Использование «облака» и решений по модели SaaS («ПО как услуга») не снимает ответственности с компании. В зоне внимания:

― полный реестр всех внешних сервисов;

― юридически оформленные гарантии со стороны провайдеров (соглашения SLA об уровне сервиса между заказчиком и исполнителем и DPA — о защите персональных данных);

― заранее подготовленный план миграции на альтернативное решение при сбое, изменении условий или росте цен.

При передаче данных или IT-функций подрядчику важно понимать:

― где физически хранятся данные;

― какое законодательство на них распространяется;

― есть ли у компании право проводить аудит поставщика.

Комплаенс становится непрерывным процессом демонстрации реального контроля, а не набором формальных отчётов.

IT-комплаенс в 2026 году — порядок в компании и снижение рисков

Если раньше акцент делался на соглашениях и политике конфиденциальности, то теперь ключевые вопросы другие: кто имеет доступ к критическим системам, что произойдёт при отказе сервера и как быстро бизнес сможет восстановиться. Безопасность всё чаще рассматривается через призму отказоустойчивости CRM (систем управления взаимоотношениями с клиентами), а также бухгалтерии и систем документооборота.

Основные угрозы и приоритетные меры

1. Хаос в доступах — прямой путь к утечкам

Устаревшие учётные записи и избыточные привилегии в доступах повышают риск внутренних инцидентов.

Что важно сделать:

― составить перечень всех используемых информационных систем;

― закрыть доступ уволенным сотрудникам;

― пересмотреть и сократить права текущего персонала по принципу «необходимого минимума».

Базовая мера: внедрение двухфакторной аутентификации для критически важных систем.

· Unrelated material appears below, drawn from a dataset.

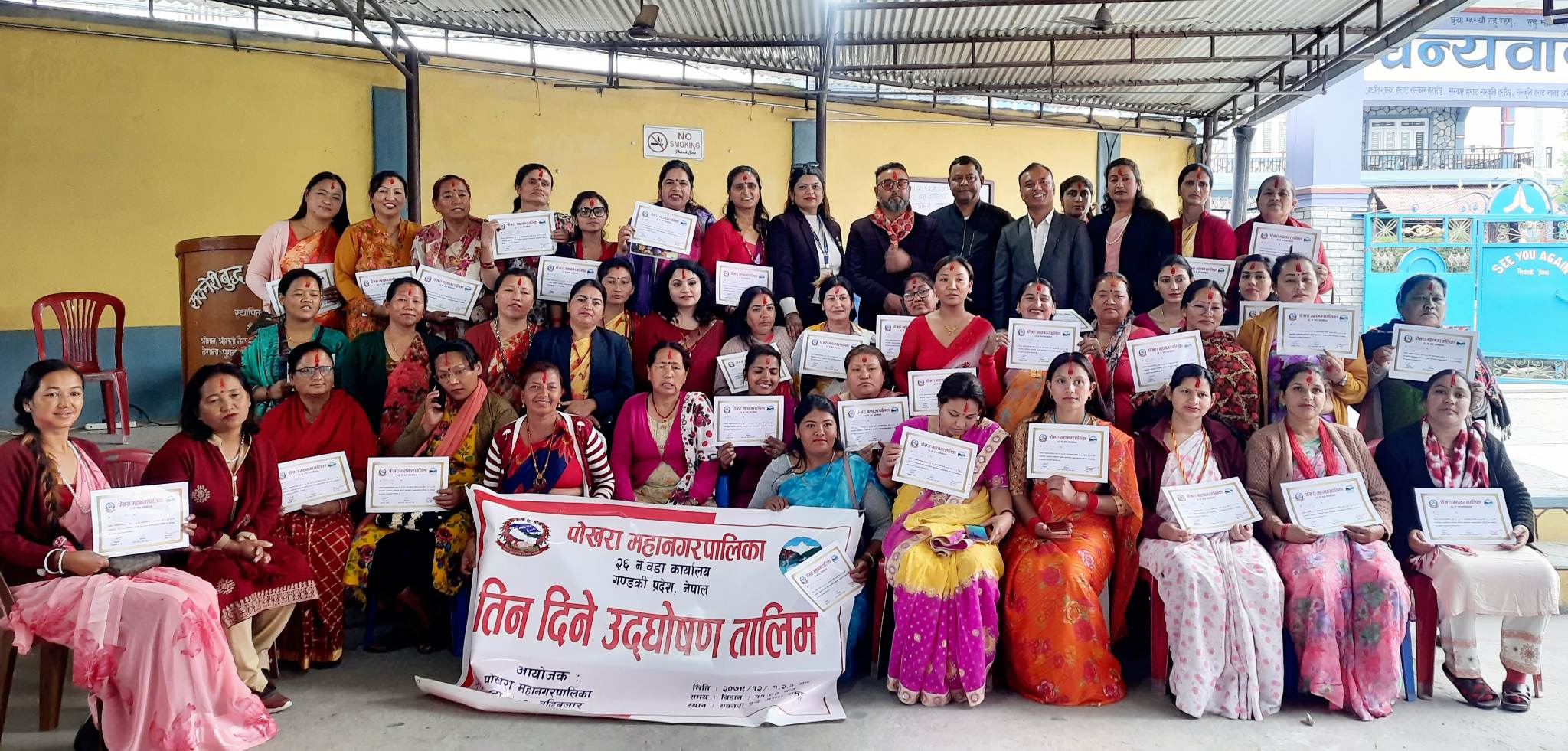 दुबै ठाउँमा आयोजित तालिम समापन कार्यक्रमका प्रमुख अतिथि पोखरा–२६ का वडाध्यक्ष नरेन्द्र थापाले महिलाहरुको व्यक्तित्व र नेतृत्व विकास गर्दै उनीहरुलाई बोल्न सक्ने र कार्यक्रम सञ्चालन गर्न सक्ने बनाउने उद्देश्यले तालिम आयोजना गरिएको बताए ।

2. Непроверенные бэкапы — риск остановки бизнеса

Отсутствие рабочих резервных копий при атаке на оборудование или его поломке может привести к длительному простою.

На что обратить внимание:

― где именно хранятся копии (локальные носители — самый уязвимый вариант);

― как часто создаются бэкапы;

― проводится ли регулярное тестирование восстановления.

Базовая мера: назначение ответственного лица и утверждение понятного регламента резервного копирования с обязательной проверкой результатов.

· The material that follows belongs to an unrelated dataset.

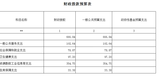 按支出功能科目劃分:一般公共服務支出102.64萬元,較上年預算安排減少4.69萬元;教育支出0萬元,較上年預算安排增加(減少)0萬元;科學技術支出0萬元,較上年預算安排增加(減少)0萬元;社會保障和就業支出78.87萬元,較上年預算安排增加9.02萬元;衛生健康支出97.2萬元,較上年預算安排增加3.84萬元;資源勘探工業信息等支出354.75萬元,較上年預算安排增加7.41萬元,農林水支出0萬元,較上年預算安排增加(減少)0萬元;住房保障支出33.38萬元,較上年預算安排減少1.08萬元。

3. Зависимость от внешних сервисов — скрытая угроза

Сбой или отключение стороннего сервиса может остановить критически важный бизнес-процесс.

Необходимо:

― зафиксировать все используемые внешние IT-сервисы;

― определить, какие из них критичны для бизнеса;

― проверить условия SLA-соглашений и ответственность провайдеров.

Для каждого ключевого для работы сервиса должен существовать план быстрого перехода на альтернативное решение.